We pharmacists have found ourselves stuck in the crossfire of a national opiate epidemic.
We pharmacists have found ourselves stuck in the crossfire of a national opiate epidemic. We are now seeing patients walk into our stores with prescriptions for counts of oxycodone from 30 mg #120 to quantities as high as #360. Sometimes the patients can barely walk; in worst-case scenarios, they present prescriptions for these large quantities of opiates for several people in their car—all with the same diagnosis. We are also noticing a trend in our hospitals. Patients often come into the hospital reporting a spider bite. These “spider bites” are often adjacent to track marks up and down the arm. Many patients admit that they’ve been injecting Opana, Suboxone, and oxycodone.
Let me tell you a little bit about me, my practice site, and our community that I call home. I’m a fourth-generation health care practitioner in LaFollette. We’re located in rural Appalachia about 40 miles north of Knoxville, situated on the Kentucky line. Interestingly, the neighboring county south of us is one we often compete with for #1 in the state for methamphetamine production and use. The picture I’m painting might sound like a living hell to some, but it’s not. We, like the rest of our nation, are fighting in the war against a prescription opiate epidemic. We have limited resources, a population that lives below the national poverty level, and a limited number of job opportunities. Our jails are overpopulated, and most inmates are there as the result of drug abuse or petty theft related to drug abuse.

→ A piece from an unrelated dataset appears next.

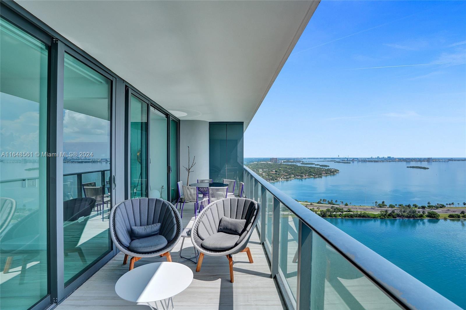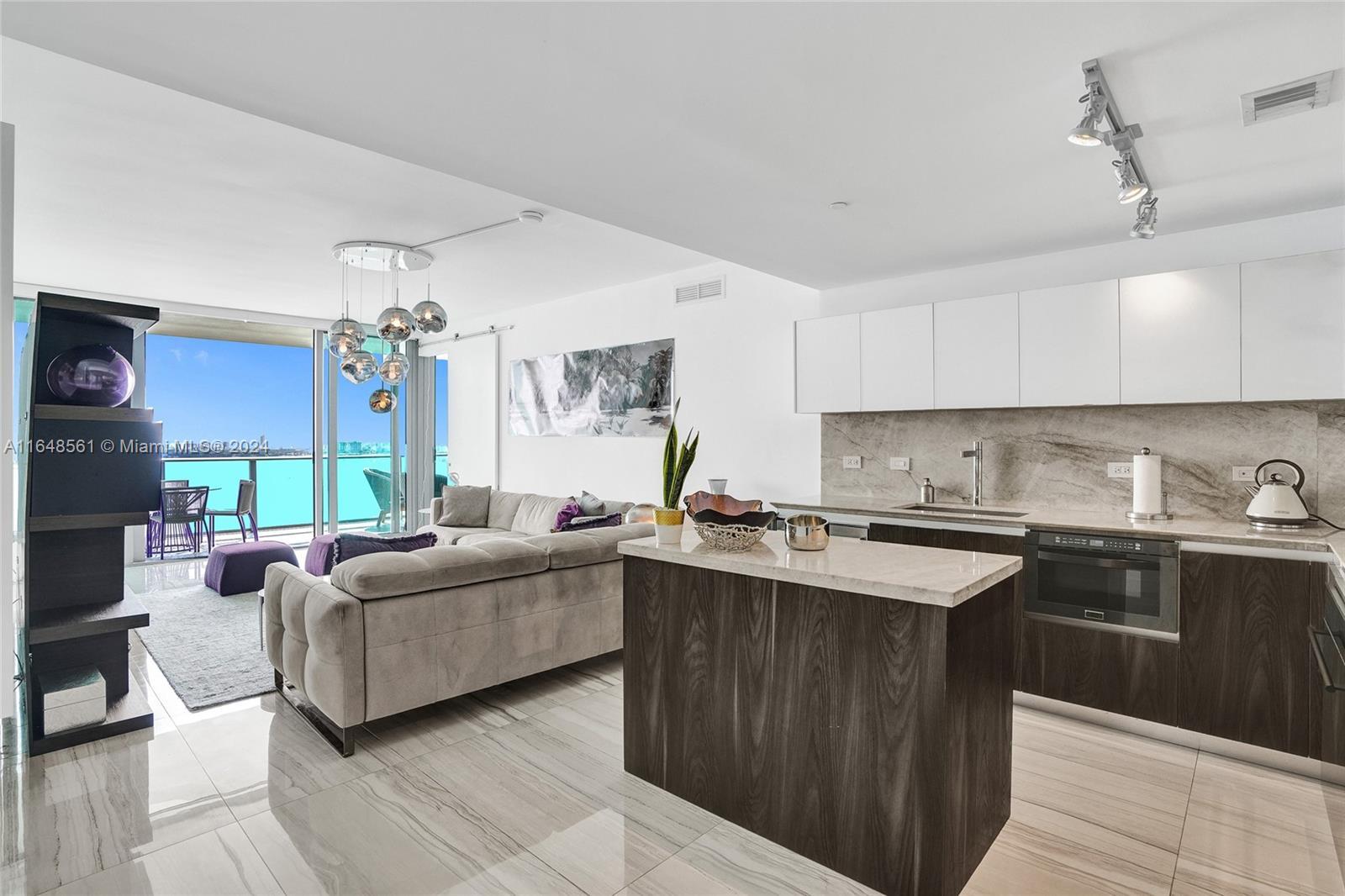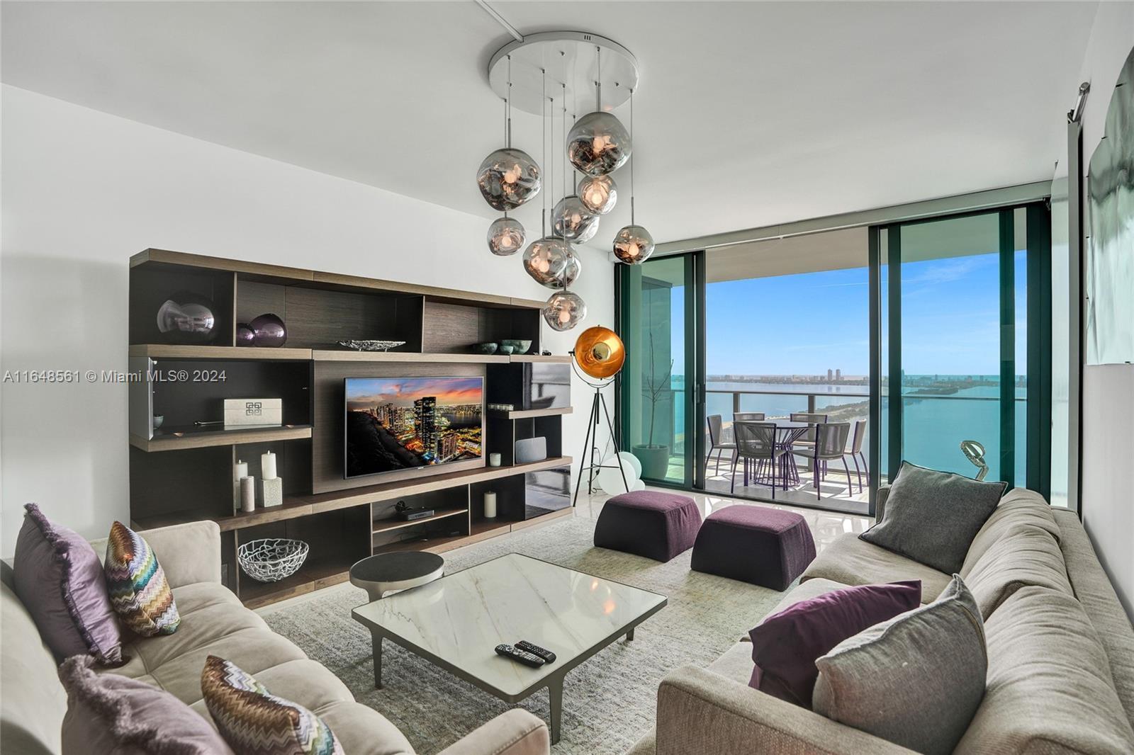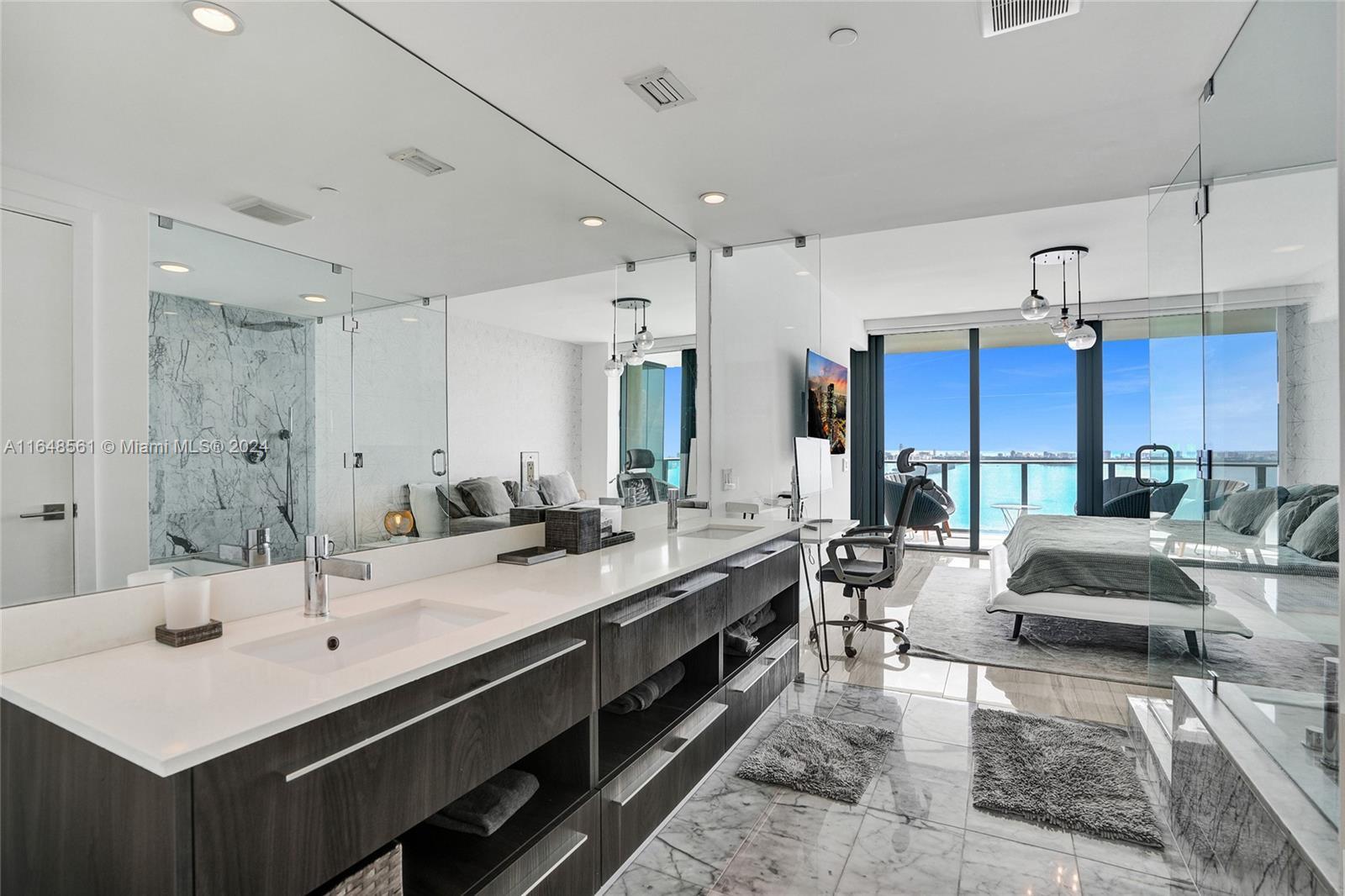 Incredible views on the water. Convenient and smart floorplan with 2 gigantic balconies. Private elevator. Open kitchen. Spacious living-room. Large balcony with water views and dining table and lounge area. Large Master Bedroom. Luminous Master Bathroom. 2 separate sinks. Large equipped Master Closet. Convenient Den next to 2 other bedrooms with their own bathrooms. Half-bathroom for visitors and private foyer. Luxury furniture negotiable. One Paraiso is centrally located with quick access to Wynwood, Design District, Airport, Miami Beach, Downtown and Brickell. All luxury amenities. Ground level adult pool, 2 pools, hot pools, cabanas, 2 tennis courts and BBQ area. Gym, spa, massage rooms, party room, business center, billiard room, screening room, child play room

Although our statistics are frightening, we are a close, rural town. When tragedy and heartache strike, our community is quick to band together. Many churches in the community are the fibers that weave the close-knit community. They also offer a refuge for children and families dealing with drug addiction in their families. As this epidemic grows in the drug-ravaged communities of rural Appalachia, education is the only way for our kids to learn differently.
couple of years ago, I found myself at a crossroads in my pharmacy career. Our county was surrounded by pain clinics and Suboxone clinics. Drugs abuse was rampant and drug seeking was a problem. Like many of you working in independent and retail settings, you meet these patients who demand that you fill their prescriptions. The scenario is very similar all across the United States: the patient is not on maintenance medications, doesn’t have a primary care physician, and they have the same list of medications—benzodiazepine, long-acting opiate, short-acting opiate, gabapentin, and muscle relaxer. Ironically, they also all have the same diagnosis code. Then we’re stuck with the moral and ethical decision: do we fill it? Do we send them on their way? Once you refuse the prescription, the abuse begins. Often times the patients won’t take no for an answer, and before you know it, the police are there. This not only takes time away from other patients, but it also inevitably happens when we have a store full of people. This is what I was dealing with on regular basis.

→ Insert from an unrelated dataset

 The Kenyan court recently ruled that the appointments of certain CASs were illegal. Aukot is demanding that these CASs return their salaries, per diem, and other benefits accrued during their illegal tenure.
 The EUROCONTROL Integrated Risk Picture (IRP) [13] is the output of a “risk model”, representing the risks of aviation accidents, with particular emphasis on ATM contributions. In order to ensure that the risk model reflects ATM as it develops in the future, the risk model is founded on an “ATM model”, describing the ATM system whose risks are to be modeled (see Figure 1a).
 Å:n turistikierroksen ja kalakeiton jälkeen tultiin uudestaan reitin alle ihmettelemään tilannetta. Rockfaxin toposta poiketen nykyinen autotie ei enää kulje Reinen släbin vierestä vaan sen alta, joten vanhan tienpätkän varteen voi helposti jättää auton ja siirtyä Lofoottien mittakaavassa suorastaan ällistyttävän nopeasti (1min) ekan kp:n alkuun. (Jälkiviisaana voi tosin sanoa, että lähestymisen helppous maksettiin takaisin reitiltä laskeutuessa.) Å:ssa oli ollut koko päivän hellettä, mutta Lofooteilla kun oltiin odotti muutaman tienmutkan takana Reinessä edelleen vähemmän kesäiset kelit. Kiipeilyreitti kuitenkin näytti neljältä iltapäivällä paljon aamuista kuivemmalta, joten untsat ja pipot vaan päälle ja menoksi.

Back to the crossroads; I knew that I either needed to find a new position in the corporation or find a means to channel my frustrations into something positive. I partnered with a local nonprofit organization called Community Health of East Tennessee (CHET). And that’s where the story begins! We launched GenerationRx—a tool developed by Ohio State University College of Pharmacy and Cardinal Health. The curriculum is broken down into elementary, middle, and high school groups. The program provides tools such as games, lessons, and activities that all promote the same message of preventing drug abuse and misuse.

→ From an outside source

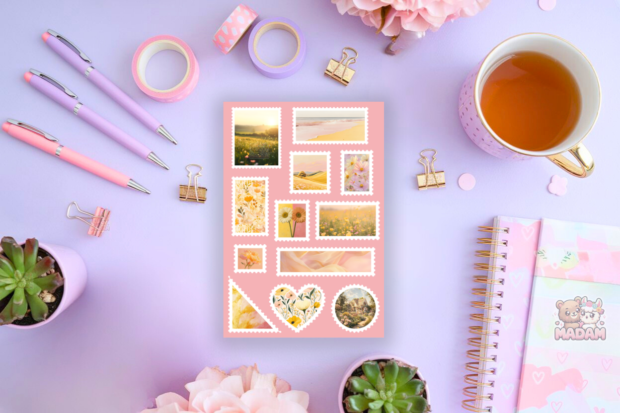 Naklejki znaczki pocztowe żółta wiosna marki MaDam Creative to arkusz 13 × 19 cm pełen unikalnych ilustracji. Sprawdzą się w bullet journali, plannerach, scrapbookingu, kartkach i albumach. Wykonane z wysokiej jakości papieru matowego, posiadają mocny klej, który osiąga pełną przyczepność po 24 h.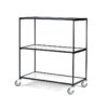 Praktyczny i trwały wózek półkowy ze stali lakierowanej proszkowo. Trzy stałe półki z laminatu wytrzymują duże obciążenie. Wózek posiada cztery gumowe koła skrętne dla łatwego prowadzenia i jest idealny do transportu pojemników i skrzynek o różnych kształtach. Nasz prosty i stabilny wózek to idealne rozwiązanie do przewozu pudeł i pojemników w różnych rozmiarach. Wyposażony jest w trzy stałe półki, każda z relingami o wysokości 10 mm. Wyklucza to ryzyko upadku towarów w trakcie transportu. Wózek posiada stylową ramę wykonaną z rur stalowych o okrągłym przekroju ( Ø 22 mm) lakierowanych proszkowo na kolor czarny. Duży udźwig pozwala na użytkowanie wózka w większości środowisk. Nadaje się do wielu różnych zadań transportowych. Każda półka wytrzymuje obciążenie 100 kg. Wózek wyposażono w cztery gumowe koła skrętne zapewniające ciche i płynne prowadzenie.

Upon discovering this program, I knew that if we went into schools one time only, it would be ineffective. So once our partnership with CHET began, we developed our program based on repetition. We rotate through the elementary and middle schools throughout the school year. We have an 8-week rotation in the schools, followed by a graduation ceremony and, of course, a pizza party. Each week during the rotation, we work through the different topics, play games such as “Good Choices vs. Bad Choices” or “Is this Medicine or Is this Candy?” At times, I wonder if they’re listening to me, but then we run into them in the community and they say, “Hey she taught me about drug abuse and misuse.” We know here in rural Campbell County, we can’t fix the drug epidemic overnight, but we can work each year with kids as they get older to help provide the tools to help them make better decisions.
Raewyn T. Snodderly, PharmD, works at Terry's Pharmacy in Lafollette, Tennessee.